= Marc Cogen =

Marc Cogen (born 1955) is a Belgian jurist en Professor of International Law.

==Career==
Cogen began his career as a lawyer at the Antwerp bar in 1978, and started his academic career at Ghent University in 1982. He also taught at the Free University of Amsterdam and the Vrije Universiteit Brussel for periods. He was consultant for the finance and investment sector of the Southern African Development Community from 1993 tot 2000. In 1998 he was appointed Special Envoy of the Belgian Minister of Foreign Affairs (Louis Michel) for DR Congo.

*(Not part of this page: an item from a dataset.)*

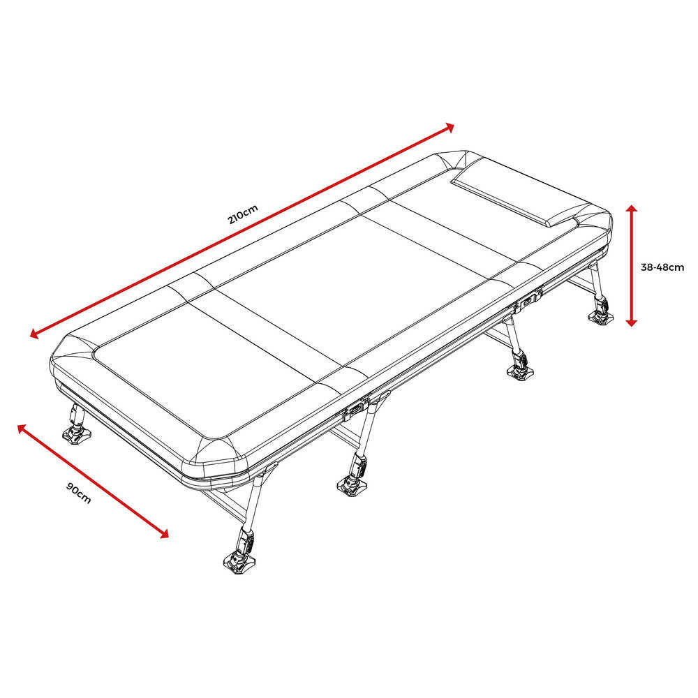 Präzisionsgefertigte Aluminiumscharniere gewährleisten die Stabilität und Haltbarkeit des Bettes. Mit 20.000mm wasserdichtem EX-Gewebe als Obermaterial. Dank des wasserdichten EX-Gewebes bietet das Bett auch bei starken Regenfällen effektiven Schutz. Das innovative LevelTech Beinsystem sorgt für eine ebene Liegefläche und hält das Bett stabil. Das TLS Holzdesign hilft, die Matratze völlig flach zu halten, wodurch der Komfort erhöht wird. Die luxuriöse Memory-Foam-Matratze bietet hervorragende Unterstützung und Komfort auch während langer Angelzeiten. Die wasserdichte Heavy Duty EX Oberseite bietet zusätzlichen Schutz für das Bett. Die zweilagige, wendbare Decke erhöht die Hygiene- und Komfortaspekte.

From 2004 to 2007 he was an advisor to Minister of Foreign Affairs Karel De Gucht.

He ran for rector elections in 2009 at the University of Ghent.

He is a co-founder and member of the board of directors of the European Friends of Israel, and sits on the board of directors of the Jewish nature movement "Keren Kayemeth Le Israel", which organises tree planting campaigns in Israel. In 2007, he participated in the international counter-jihad conference in the European Parliament. In June 2007 he was a speaker at the international conference "The Collapse of Europe?" which was held at Pepperdine University in Malibu, California, organized by the American Freedom Alliance and the Council for Democracy and Tolerance. His contribution discussed a series of political crises in Europe caused by the challenges to Western civilization due to mass migration and the side-effects of Islamization.

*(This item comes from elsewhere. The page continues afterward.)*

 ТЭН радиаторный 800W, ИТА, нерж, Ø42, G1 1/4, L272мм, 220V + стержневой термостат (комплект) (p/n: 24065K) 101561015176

=== Ghent University controversy ===
In 2010, he was preventively suspended from his position as Professor of Public International Law after leftish co-professors of his faculty of law accused him of "transgressive behaviour", attacking his political viewpoints. Shortly after, the accusations brought against him were formally dismissed as baseless.

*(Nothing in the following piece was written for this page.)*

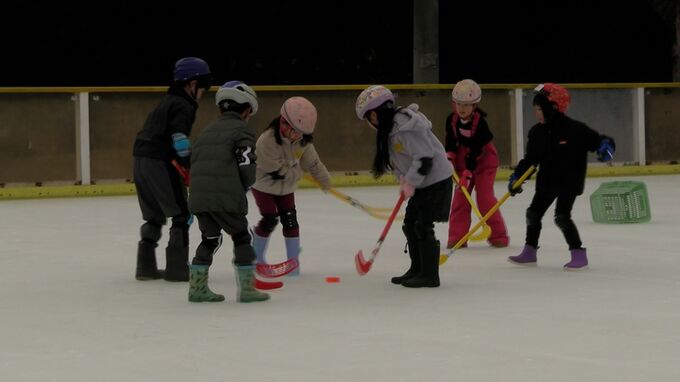 スケートリンクで開かれた体験教室には地元を中心に約20人の小学生が参加しました。「スケートは初体験」という子どもも多くいましたが、「進む」「止まる」など基本的な動作をひととおり学んだあとはアイスホッケーにも挑戦。3時間ほどでパックを追いかけミニゲームを楽しめるほどに上達しました。

He has made his positions on international politics public, about Israel, the United States and the Iraq War, and had previously accused the university and a number of colleagues of antisemitism.

In 2011, he was seconded to the Vrije Universiteit Brussel due to pressure by his colleagues who had offended him. He lectured there until his retirement in 2020.

Marc Cogen published numerous books and articles: Does Europe Really Want a Military Capacity?, in: Proceedings of the Conference on European Defence, Royal Military Academy, Brussels, 2002; The Comprehensive Guide to International Law, Bruges, Die Keure, 2008 (ISBN 9789048601424); Democracies and the Shock of War - The Law as a battlefield, Farnham, Ashgate, 2012 (ISBN 9781409443636); An Introduction to European Intergovernmental Organizations, Farnham, Ashgate, 2015 (ISBN 9781472445704); Self-Examination and the Old Testament, Eugene, Wipf & Stock, 2024 (ISBN 9798385207305).